Data extract below:

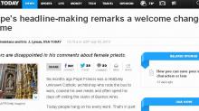 Surprise, surprise: the media still can’t seem to get their act together on the Pope’s words. Continuing the sloppy reporting on the Pope’s recent press conference, USA Today’s print version flubbed the Pope’s remarks on women’s ordination.
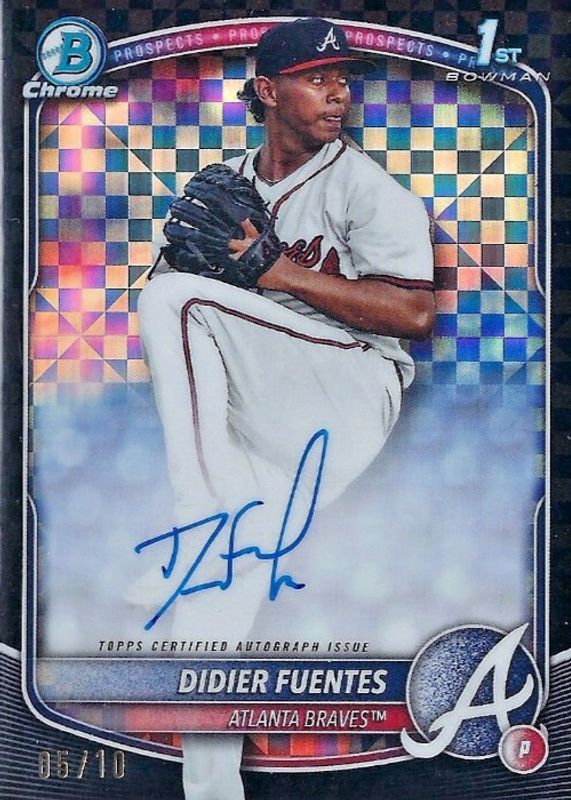 Didier Fuentes 2025 Bowman #CPA-DFU Chrome Prospect Auto - Black X-Fractor /10 (1st) RAW Price Guide
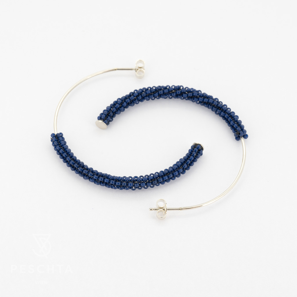 Creolen aus Silber 925 umrandet mit dunkelblauen Miyuki Perlen (feine japanische Glasperlen)

End of Data extract.

* **Exercise aim**: From the top of the listing above, repeat each line exactly until you reach the line containing "Didier Fuentes 2025", and repeat that one too. Leave the pictures out.

* **Final answer**:
 Surprise, surprise: the media still can’t seem to get their act together on the Pope’s words. Continuing the sloppy reporting on the Pope’s recent press conference, USA Today’s print version flubbed the Pope’s remarks on women’s ordination.
 Didier Fuentes 2025 Bowman #CPA-DFU Chrome Prospect Auto - Black X-Fractor /10 (1st) RAW Price Guide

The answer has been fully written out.